Ottawa had already spent $ 1 billion on research into COVID-19 treatments and vaccines, but the economic update says it will spend another $ 13 billion on vaccines and distribution – a figure that hasn’t not burst the specific amount for the seven vaccine purchase contracts to date. and also included all supplies to be distributed.

The economic update presents an optimistic outlook: that the deficit is expected to decline significantly over the next two fiscal years, to $ 121.2 billion in 2021-2022 and to $ 50.7 billion in 2022-23, ” as the economy recovers and the need for temporary measures diminishes. According to this optimistic view, in four years the deficit is expected to drop to $ 24.9 billion.

But the reverse is also true. The deficit this year could climb to more than $ 400 billion if the virus reappears, lockdowns take an even bigger slice of the economy and the government’s stimulus must adjust. The document indicates that this year’s deficit could well reach $ 399 billion, and four years later it is still hovering over $ 33 billion.

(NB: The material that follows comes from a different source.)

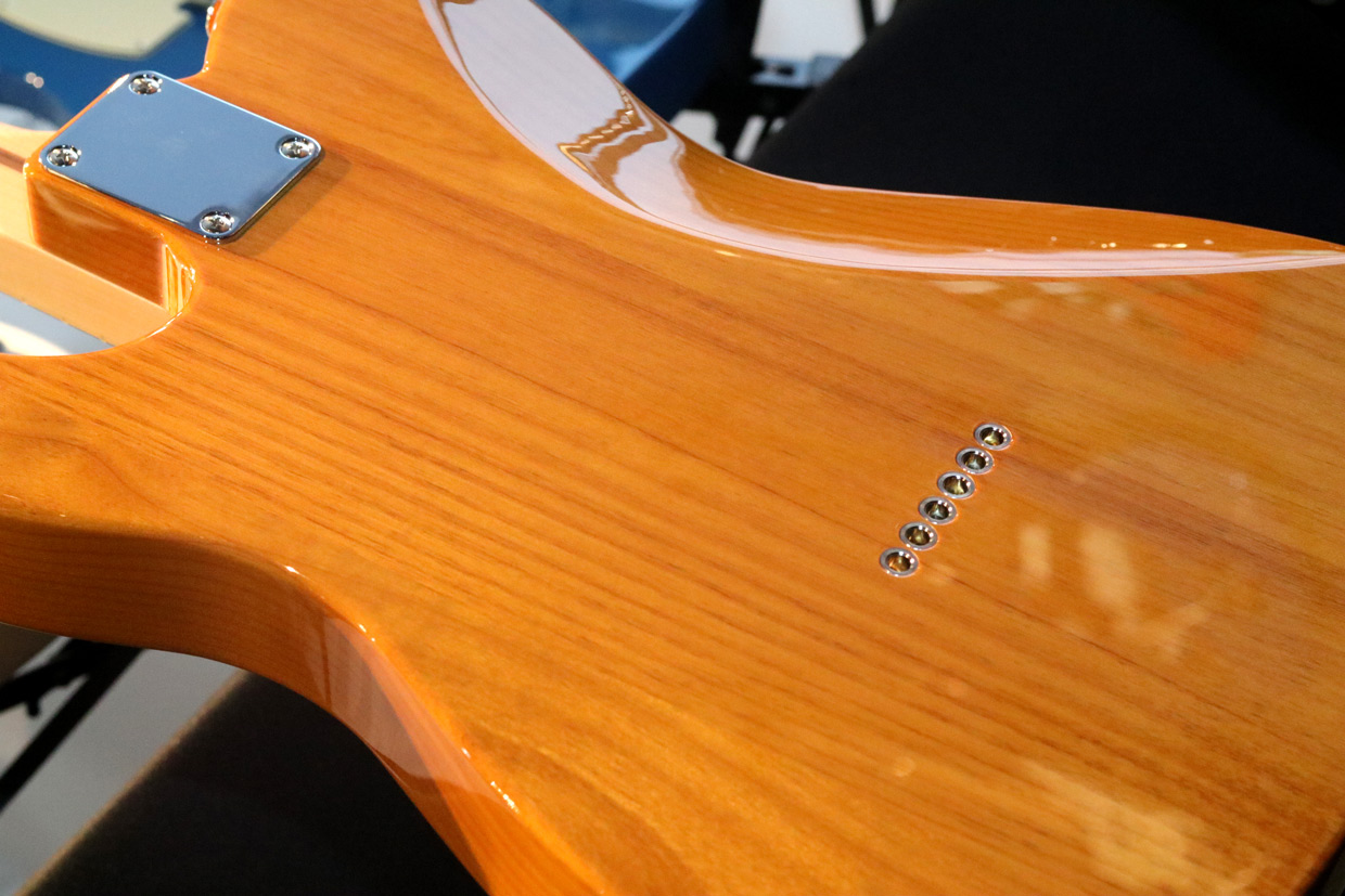ピックアップのポールピースの高さも変更。従来の各弦のポールピースの高さから、1弦を高くすることで、バランスの良いサウンドを実現

Freeland said the measures taken by the government have already had an impact. “To date, Canada has recovered nearly 80% of the more than 3 million jobs lost at the start of the pandemic. Compare that to the United States, which recovered just over half of it. “

Overall, she said the government has yet to include the $ 100 billion in spending that is still to come over the next few years because “the ultimate size and timing is highly dependent on how the economy evolves. health and economic situation ”.

In the area of ​​housing, the financial update promises extensions of two existing initiatives – one that provides low-interest loans and mortgage insurance for specially designed rental projects, and the other that targets lower borrowing costs for first-time home buyers. The rental construction program will see its lending capacity nearly doubled, from $ 13.75 billion to $ 25.75 billion, over the next seven years starting in 2021.

The construction of purpose-built rental units has been identified as a key factor in addressing the affordability issue for large cities like Toronto. While there are around 5,000 purpose-built rentals slated for completion in the Toronto area next year – more than there have been in 25 years, according to Urbanation President Shaun Hildebrand – a senior analyst with the Canada Mortgage and Housing Corporation recently told The Star that Toronto alone, tens of thousands of new purpose-built rentals are needed each year just to meet the demand of its usual population growth .

Homeless shelters will also get an infusion of funds, with $ 299.4 million pledged as part of the federal homelessness strategy to ensure remoteness, improved cleaning and more. health and safety measures to prevent outbreaks in communities.